As of 7 p.m., Spence said the blockade near the remote First Nations community, located about 1,000 kilometres northeast of Winnipeg, was still in effect while Hydro officials huddled to go over Fox Lake’s demands, which included a commitment to breach the “broken trust” between the band and Crown corporation.
The blockade was first erected on Thursday at the junction of the reserve and Highway 290 after Spence said sacred ceremonial land near the site was desecrated. Access to Hydro’s Limestone Generation station, Keewatinohk Access Gate and Henday Converter Station was blocked.
Spence said the action was taken after members found ceremonial land adorned with prayer flags and tobacco ties had been destroyed. Several nearby trees were uprooted.

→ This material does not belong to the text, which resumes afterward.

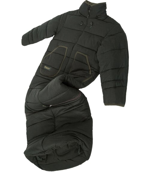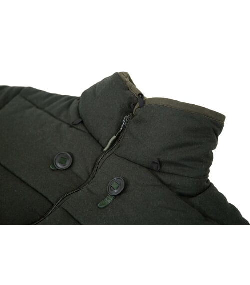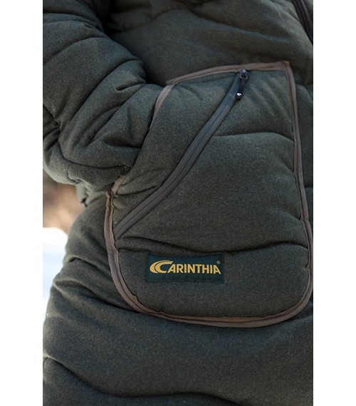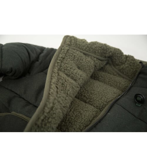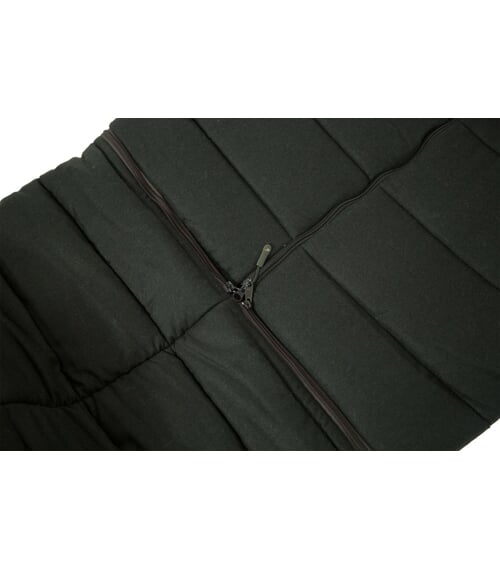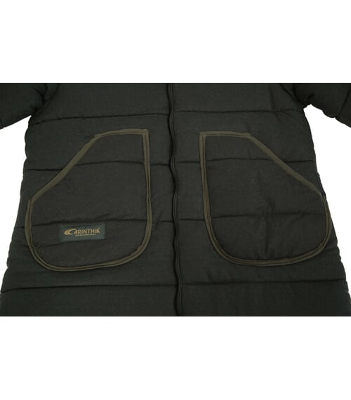 Um eine Kältebrücke beim Frontreißverschluss zu vermeiden wurde er mit einer angeschnittene Windschutzleiste mit Klemmschutz versehen. An den Seiten befinden sich 2 große Mufftaschen mit innen integrierten Reißverschlusstaschen zum sicheren Aufbewahren von Gegenständen. Das Fußteil ist komplett abnehmbar bzw. mit 2 Lederlaschen im hinteren Hüftbereich hochklappbar und mittels Knopf fixierbar.

The flags and ties had been placed by members of the Cree Nation in November as part of a ground-breaking ceremony to honour the land before construction began by Manitoba Hydro on the reserve; Manitoba Hydro participated in the ceremony.

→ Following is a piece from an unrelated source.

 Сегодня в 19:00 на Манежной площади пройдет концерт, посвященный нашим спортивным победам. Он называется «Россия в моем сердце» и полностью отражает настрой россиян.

Hydro CEO Shepherd arrived at Fox Lake Friday morning at the band’s request.
Spence said the initial meeting between band members and the CEO was “heated and tense”. But, the chief added, “the tension diffused and we had more dialogue and more openness.”
Shepherd also met with band elders, who gave Shepherd an oral history of the effect of hydro construction projects on the community. “That made most of the members say, ‘Yes, he’s genuine,'” Spence said.
However, the chief said unless Shepherd can commit to improving communication between the corporation – including future trips to Fox Lake to meet with leaders – the blockade will continue.
“It really depends on the outcome of this (Friday) evening,” Spence noted.
Hydro spokesman Scott Powell said negotiations will continue.
“We remain optimistic that that we can resolve the issues with regard to both the ceremonial site and blockade as quickly as possible,” Powell said, adding: “Our investigation into what happened at the ceremonial site is ongoing.
The blockade hasn’t impacted ongoing work at the three sites as the workers live in camps on the sites, but has blocked access in and out of the sites for Hydro’s 280 workers.